(Recorded data)
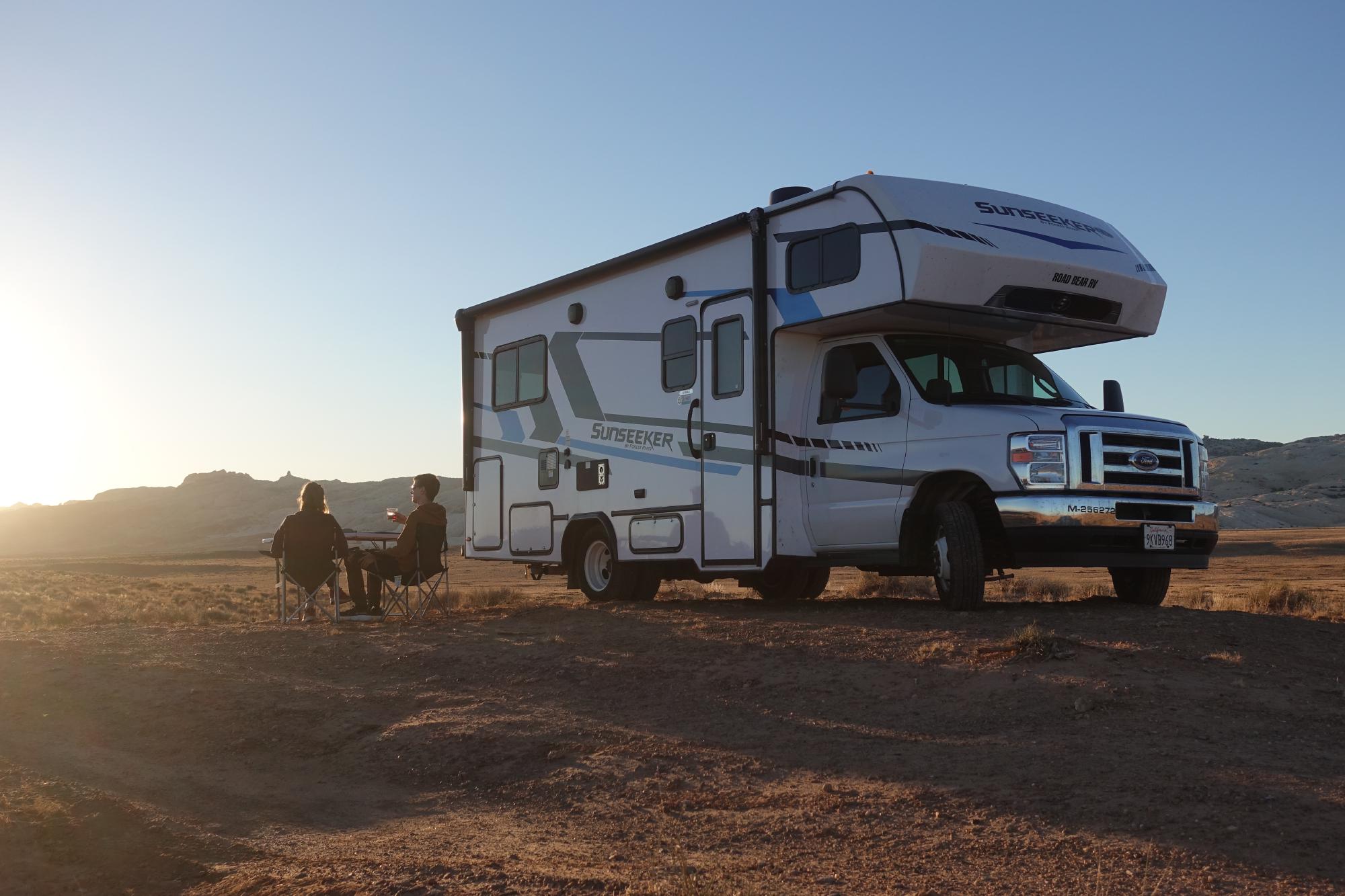 Nach dem Marsch haben wir Hunger, also halten wir an einem schönen Plätzchen an und kochen Gnocchi mit Birnen-Gorgonzolasauce. Wir beschliessen, dass das genug Bögen waren für heute und machen uns bereit für die Weiterreise. Wir wenden Moab den Rücken zu, zu Marcos grosser Erleichterung, und fahren am Nachmittag noch ca. zwei Stunden bis in die Nähe des Goblin Valley State Parks. Wieder gehts auf einen Kiesweg, wir fahren auf eine Anhöhe, auf der schon einige Camper herumstehen. Wir finden auch noch ein freies Plätzchen und setzen uns voller Freude mit den Campingstühlen in die Abendsonne, es ist noch schön warm!
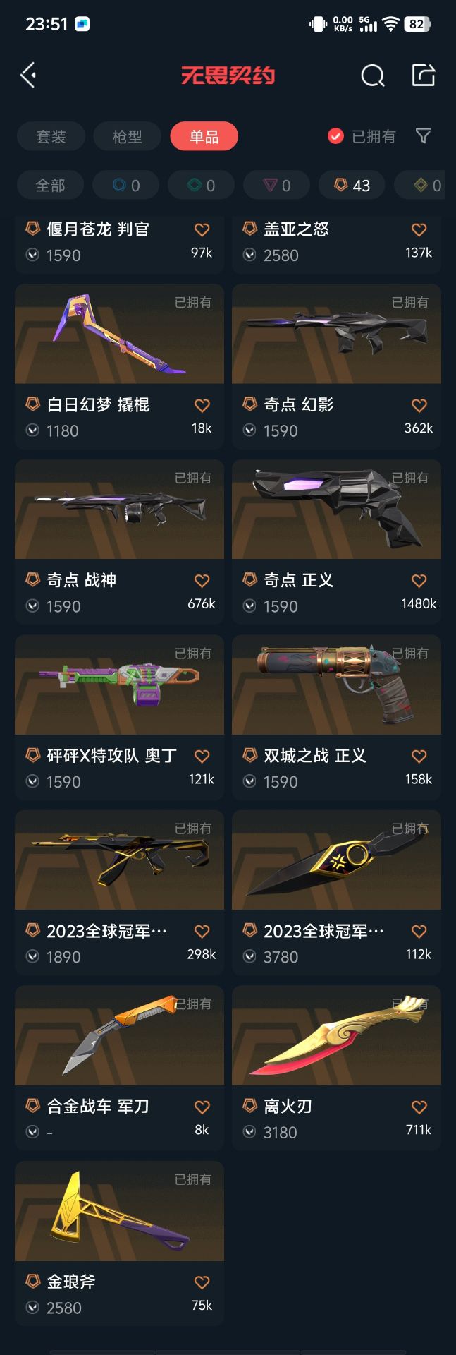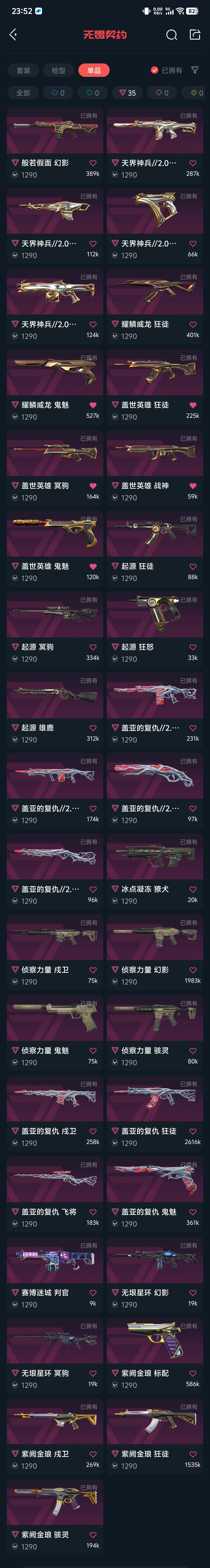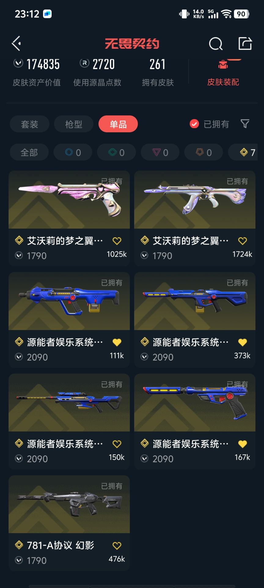 【拥有手枪】西部未来-正义,VCT25-x-EDG-标配,VCT-x-EDG-标配,双城之战-正义,VCT-x-NRG-标配,VCT-x-PRX-标配,VCT-x-LEV-标配,混沌序曲-短炮,781-A协议-正义,天界神兵-鬼魅,离子武器-正义,神圣领域-狂怒,荒土机兵-标配,超限闪存-正义,流星兵团-鬼魅,珍珠棘贝-狂怒,钢轨卫士-狂怒,钢轨卫士-短炮,沙尘幻旅-正义,弧光异彩-短炮,合金战车-正义,超能冲撞-标配,月球哨兵-正义,纳米-正义,逆冲蛮牛-狂怒,模拟赫兹-鬼魅,浮光跃金-标配,聚合之力-狂怒,采蜜小蜂队-鬼魅,纤云弄巧-正义,战术熊与伙伴们-狂怒,纤云弄巧-短炮,战术熊与伙伴们-标配,深海水族-短炮,复古浪潮-正义,光导纤维-鬼魅,天才少女-短炮,光导纤维-标配,萌彩剪影-狂怒,胡桃狂想-鬼魅,宿怨-鬼魅,信手涂鸦-鬼魅,彩梦之城-标配,数码咒术-鬼魅,花漾粉红-狂怒,
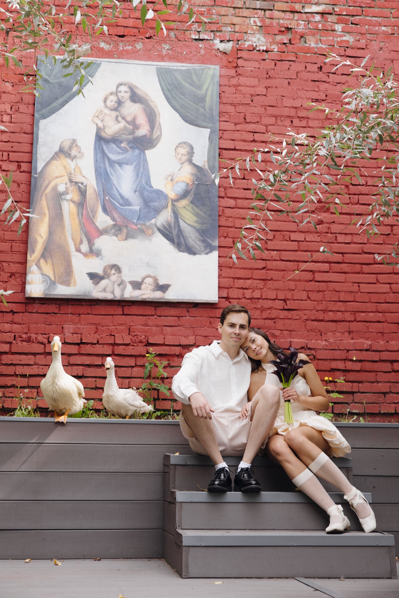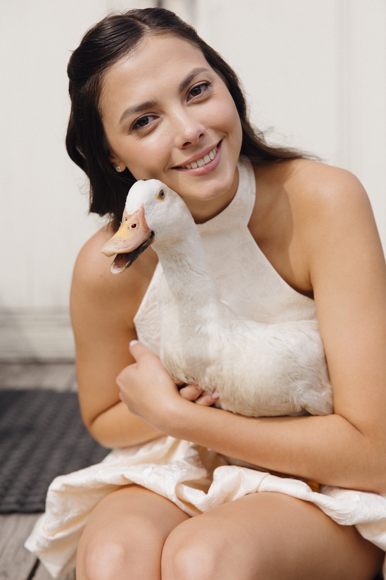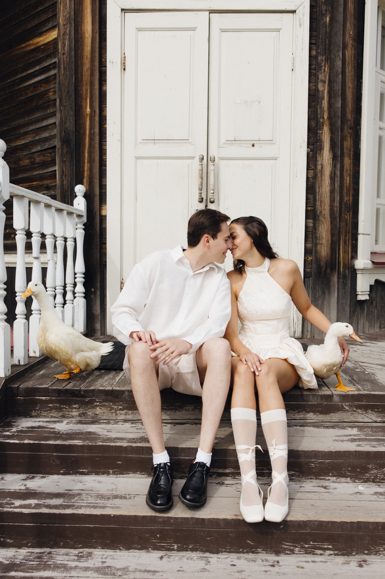 На фотосессии мы были вдвоём: волнение сменилось атмосферой любви, которая окутала весь этот день. Мы погрузились друг в друга, забыли обо всех переживаниях и, кажется, нашли тот самый настрой, позволивший по-настоящему насладиться праздником. Кстати, во время фотосессии мы впервые взяли гуся на руки, и он доверился нам.
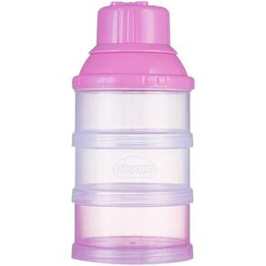 O pote possui três compartimentos, permitindo armazenar até 3 porções de leite em pó, garantindo a praticidade e conveniência na hora de alimentar o bebê em qualquer lugar.
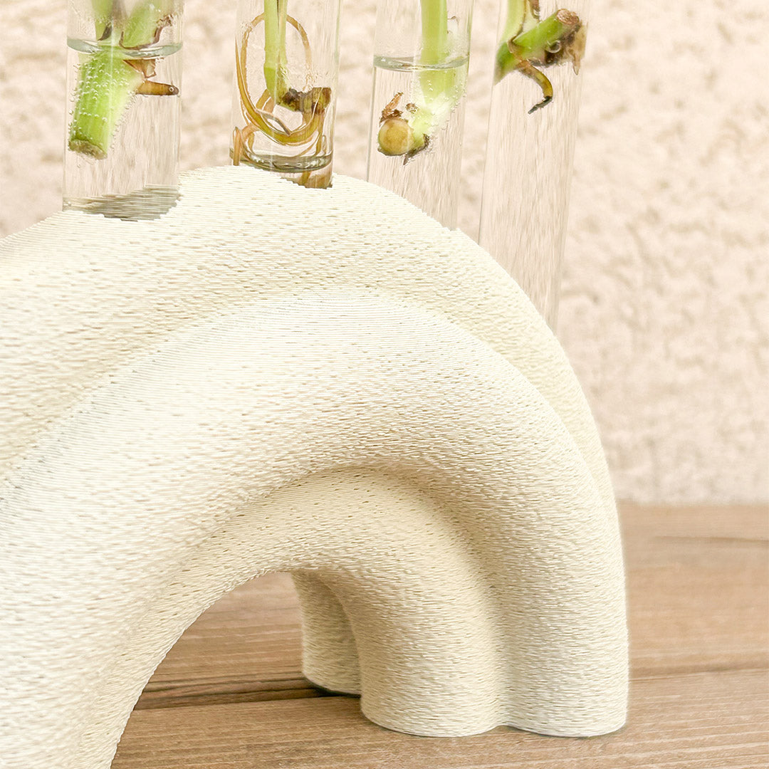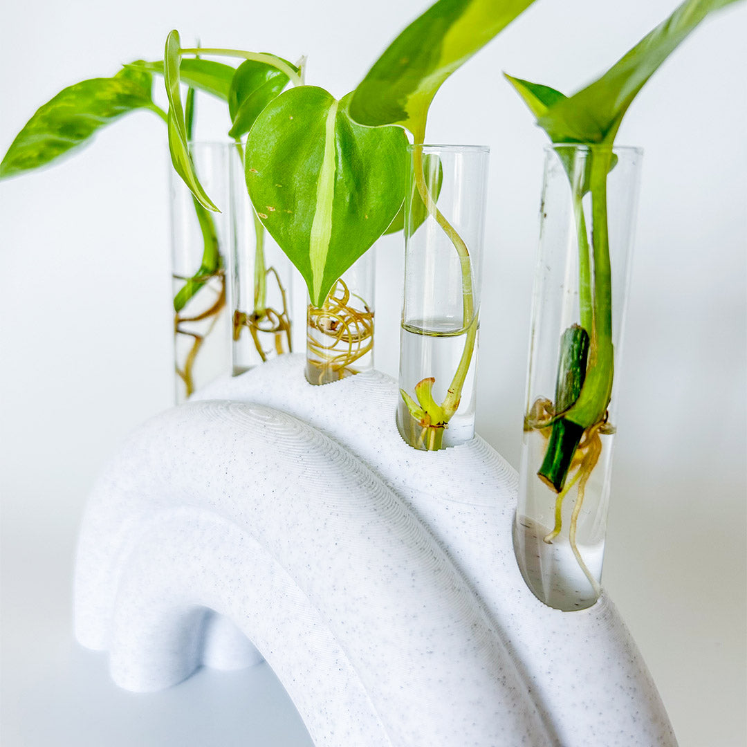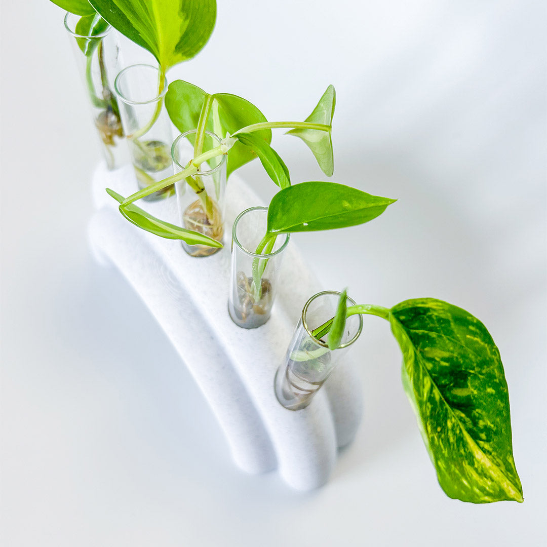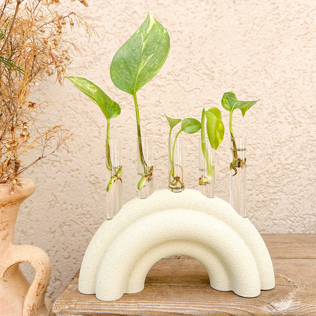 מתקן הנבטה שולחני בצורת קשת אסימטרית עם מקום ל- 5 מבחנות זכוכית עבור ייחורים, פרחים טריים או יבשים.
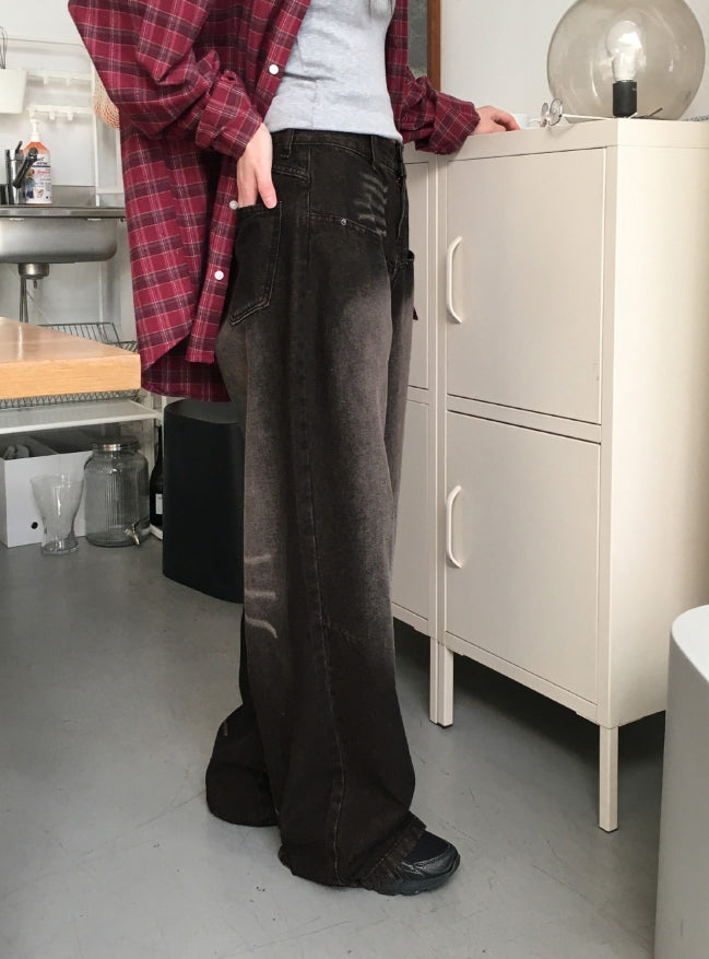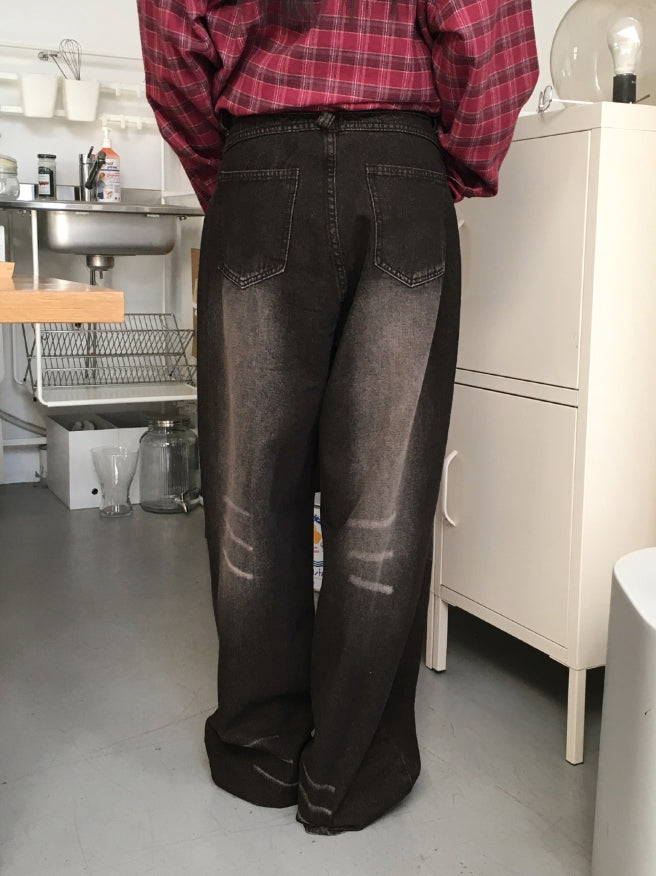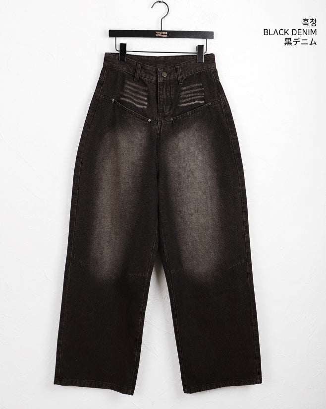 Tessing Catwashing Pocket Denim Long Wide Pants
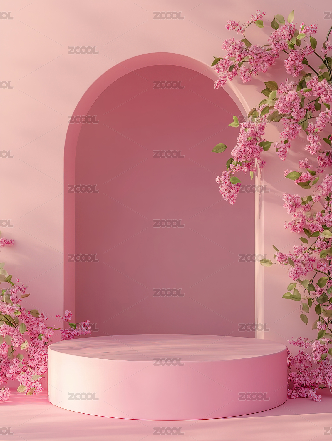 梦幻粉色花朵展台背景
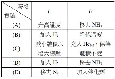 17. 已知為吸熱反應,今在左述平衡系中進行下表所列( A )~( E )五組實驗,則 何者可以符合下圖之關係?(A)(B)(C)(D)(E)
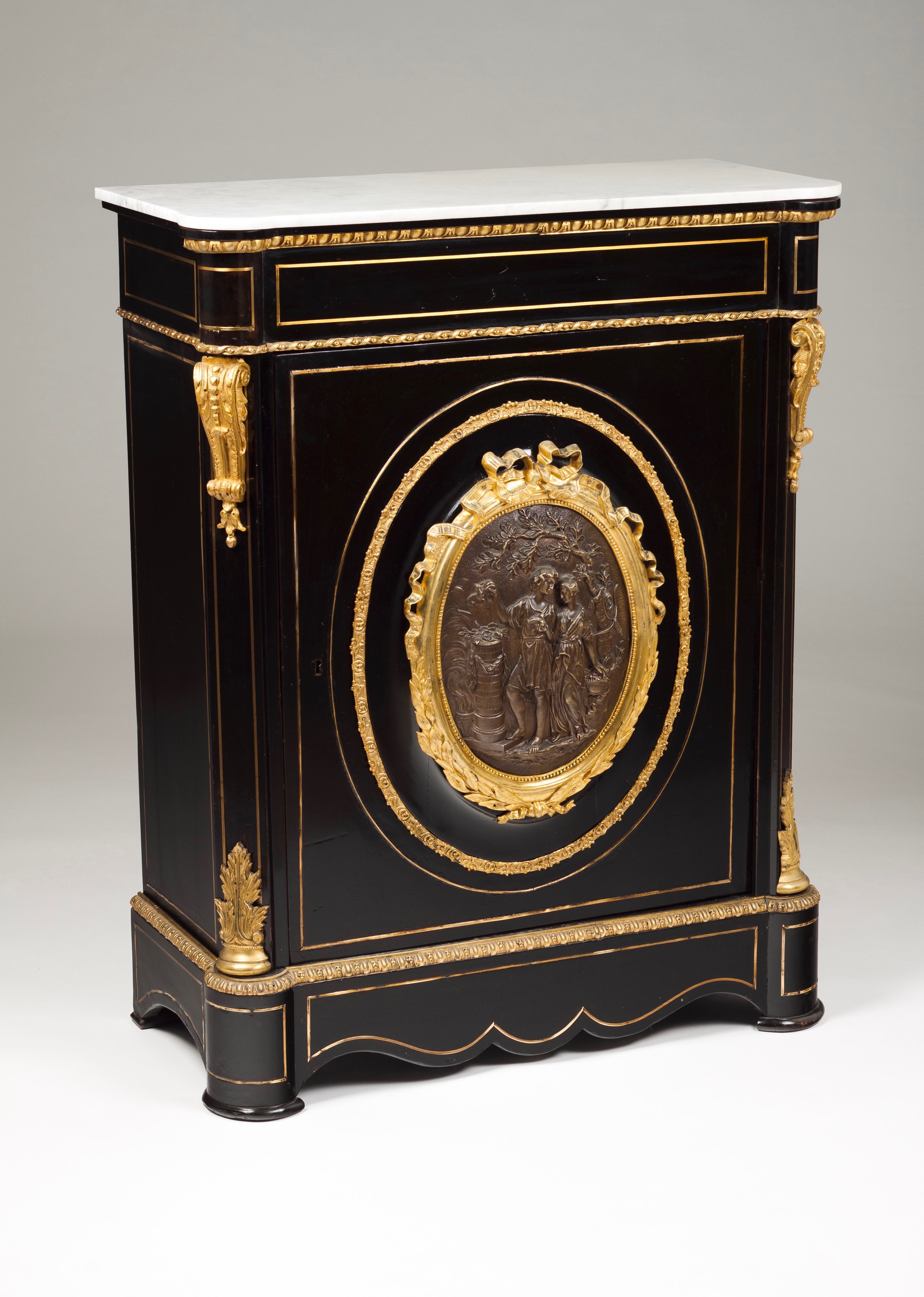 Aplicações em metal dourado relevado ao centro com placa em bronze representando cena de jardim com figuras, árvores e pássaros

* Exercise aim *
Starting at the line that holds "מתקן הנבטה שולחני", print each line through the last one of the entries above, exactly and with both ends included; no pictures.

* Result below *
 מתקן הנבטה שולחני בצורת קשת אסימטרית עם מקום ל- 5 מבחנות זכוכית עבור ייחורים, פרחים טריים או יבשים.
 Tessing Catwashing Pocket Denim Long Wide Pants
 梦幻粉色花朵展台背景
 17. 已知為吸熱反應,今在左述平衡系中進行下表所列( A )~( E )五組實驗,則 何者可以符合下圖之關係?(A)(B)(C)(D)(E)
 Aplicações em metal dourado relevado ao centro com placa em bronze representando cena de jardim com figuras, árvores e pássaros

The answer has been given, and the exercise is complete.